一方、ワークシェアリング全般に共通する問題点としては、給料の低下や、経費削減につながりにくい面がある点が挙げられます。

まず、給料の低下についてですが、同じ量の仕事をより多い人数で対応するのですから、1人当たりの労働時間が減る代わりに、1人当たりの給料も下がります。

あまりに低過ぎますと、生活レベルの維持や将来の人生設計に支障をきたします。また、余暇の使い道が見つからない方にとっては、メリットが薄い制度でもあります。

一方、会社の側から見ますと、給料の総支払額には大差ないとしても、雇う人数が増える分、保険料が多くかかります。人数が増えた分だけ、管理の手間が増すことにもなるでしょう。

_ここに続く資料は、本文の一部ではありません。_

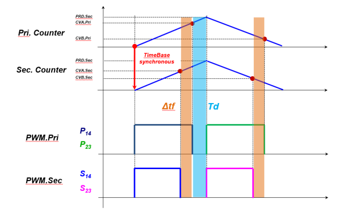 2個HRPWM高分辨率PWM中斷,最大定時頻率600kHz。要求具有精準的對上升沿和下降沿的控制。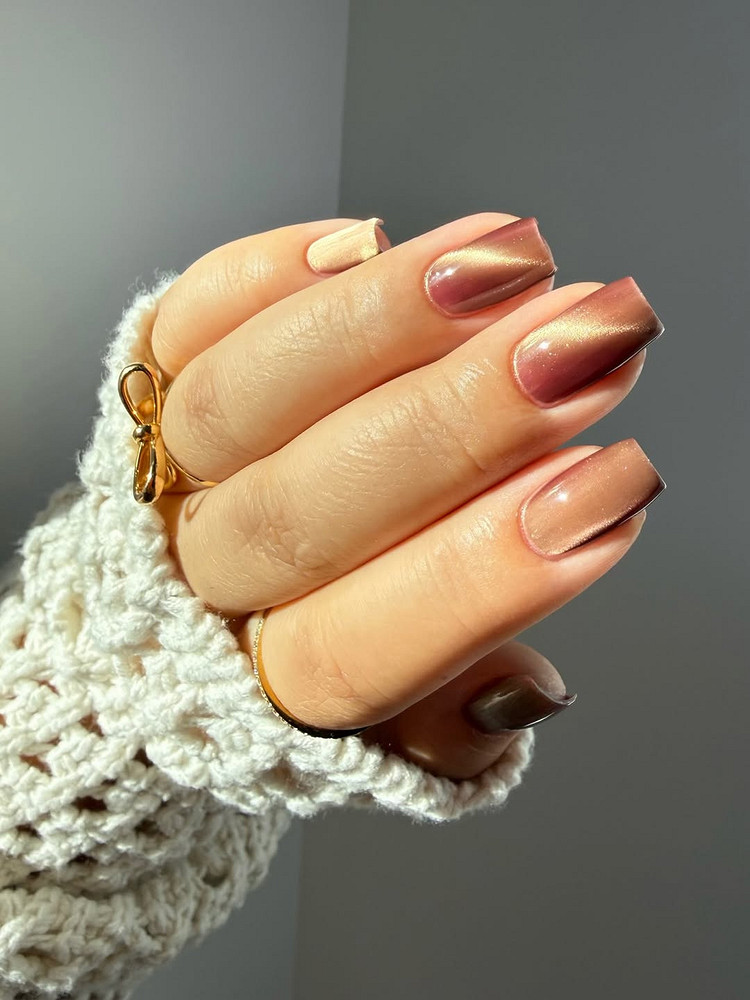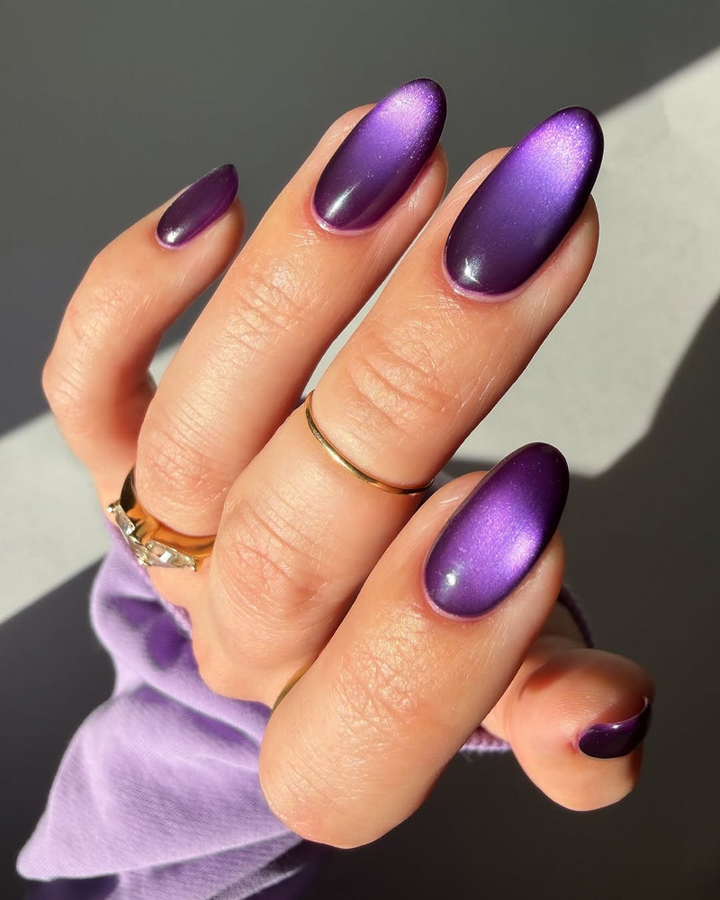 Если у тебя миндалевидные ногти, попробуй сделать cat-eye только на среднем и безымянном пальцах, остальные покрой матовым вельветом в тон. Получится красивый баланс между акцентом и сдержанностью.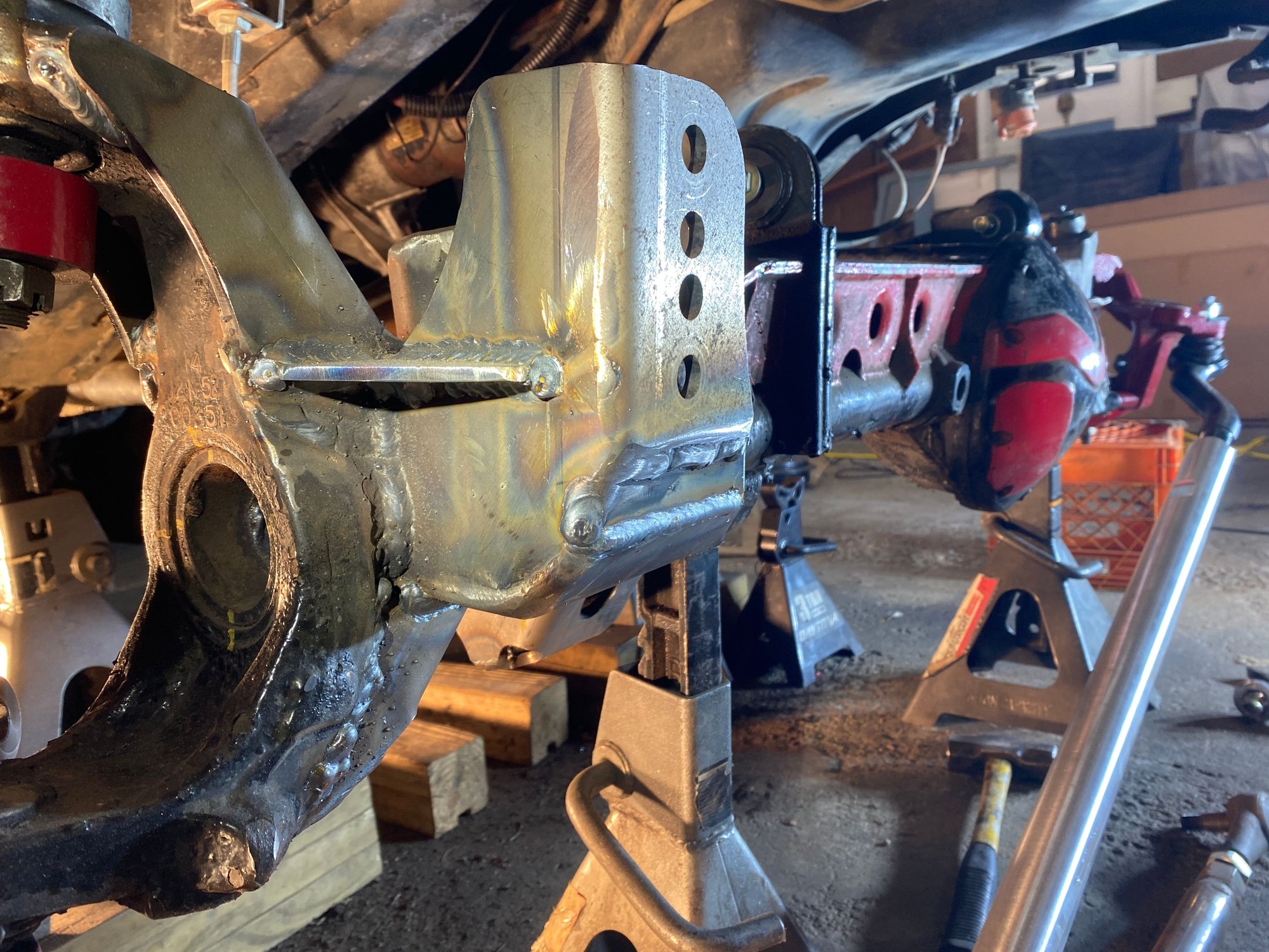 With the exhaust and all supporting hangers and mounts refreshed, I moved my attention back to the axle swap. Here are some pictures with everything welded on. New lower control arm brackets, coil buckets/shock mounts, track bar mount, and C gussets.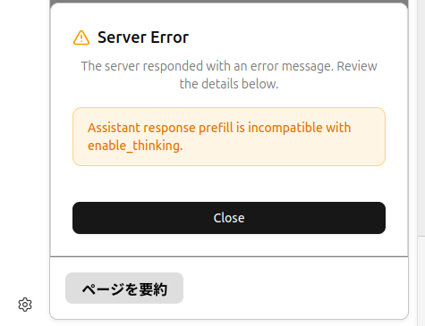 第902回の要約機能を両方のモデルで試してみましたが、SYCLでは少なくともgpt-oss-20bの動作は不安定だったので、Vulkanがおすすめです。またthinkingを有効にするとサーバーエラーが返ってきますが、作業自体は進んでいます(図3)。

ワークシェアリングは注目すべき労働形態ですが、さまざまな問題点やデメリットも抱えている、ということです。


おわりに

ここまでワークシェアリングについて見てきましたが、いかがだったでしょうか。

あくまで外国の話かと思っていたら、短期とはいえ、すでに日本で導入された事例もあって、驚いています。

とはいっても、個人個人の給料は下がるわけですし、会社にとっても経費削減にそれほど効果的なわけでもない。

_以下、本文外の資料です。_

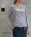【送料無料】【国内正規品】【マラソン期間中ポイント10倍】ププラ PUPULA カットソー ロンT 長袖 Tシャツ プルオーバー トップス ベロア 薄手 シアー クルーネック シャーリング インナー 黒 グレー 上品 日本製・346091-0142402(レディース)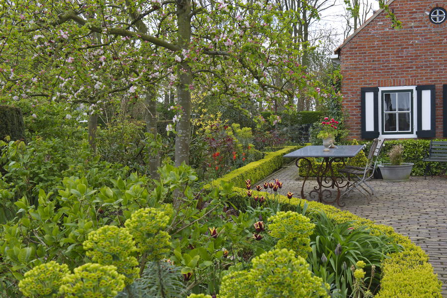 - Buchsbaum, Hecke, Pflaster, Terrasse, Tulpe 'Gavota', Tulpe 'Ballerina', Tuin 't Hofje Familie Cijsouw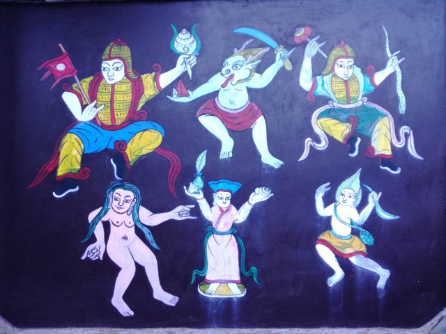 Eravamo gli unici turisti. Abbiamo visto alcuni spettacoli, lungo le vie del paese: alcuni uomini cantavano, un signore apparentemente già di mezza età saliva e scendeva su una scala formata da coltelli senza alcun tipo di protezione sulle mani e sui piedi. Quello che però mi ha scioccata di più è stato un altro uomo, che, dopo aver tolto una pala incandescente dal fuoco, l'ha toccata con i piedi, ma soprattutto l'ha leccata. Faceva più freddo del previsto, ci sono circa 0°C, ma era prevedibile, perché siamo a dicembre ed alle pendici all'Himalaya!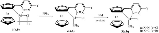 A new triphenylphosphine adduct of cyclopalladated ferrocenylpyridazine containing a chloride anion, 2a, has been synthesized from the reaction of the chloride-bridged palladacyclic dimer 1a with triphenylphosphine. The corresponding adducts 3a,b containing iodide anion have been readily prepared through anion exchange reactions of 2a,b with NaI in acetone. These complexes were characterized by elemental analysis, IR and 1H-NMR. Additionally, their crystal structures have been determined by X-ray diffraction and intermolecular C–H···X (Cl, Br, I) bonds were found in the crystals. The use of these palladacycles as catalysts for the Suzuki and Sonogashira reactions was examined. The complexes 2a,b exhibited higher catalytic activity than the corresponding 3a,b in the Suzuki reaction. However, the order of activity of adducts with varying halogen anions is 3a~3b > 2a~2b in the Sonogashira reaction.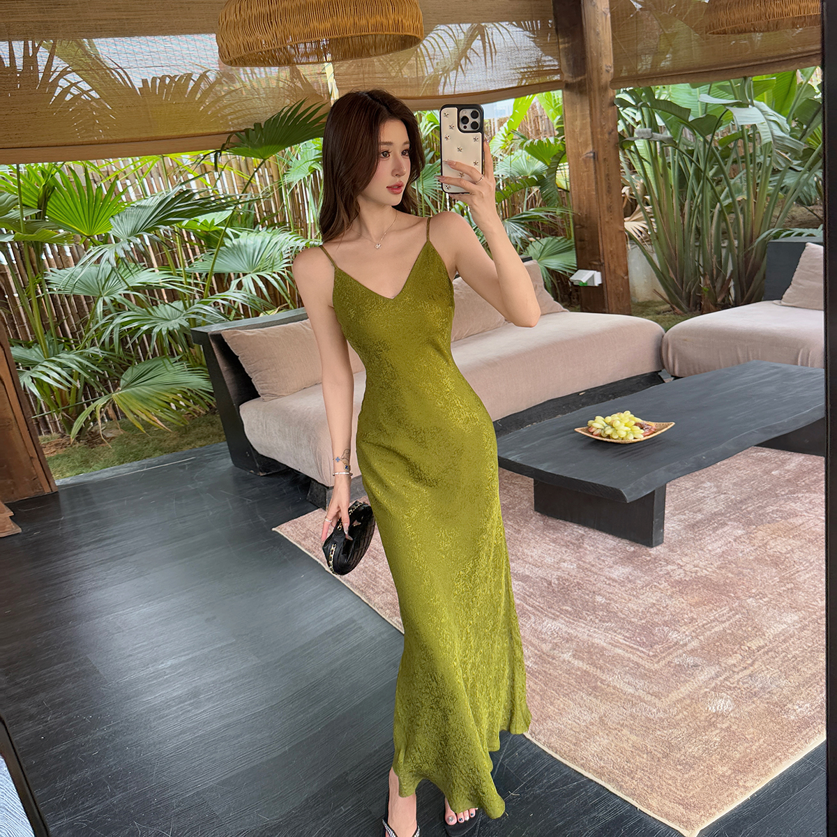 BY18356# 山野入春法式复古45°斜裁连衣裙暗纹提花V领吊带裙 服裝批發女裝批發服飾貨源

つまりは、「働き口を増やすこと」と、「給料はそれほどでなくていいから、自由な時間が欲しい」という人にとって意味がある制度なのかな、という気もします。

ワークシェアリングに関しては、「経営難等に対応するための一時的なもの」と、「安定した雇用形態としての長期のもの」とを、分けて考えた方がいいかも知れません。

ライフスタイルとも密接に関わる問題だけに、今後の展開にも注目です。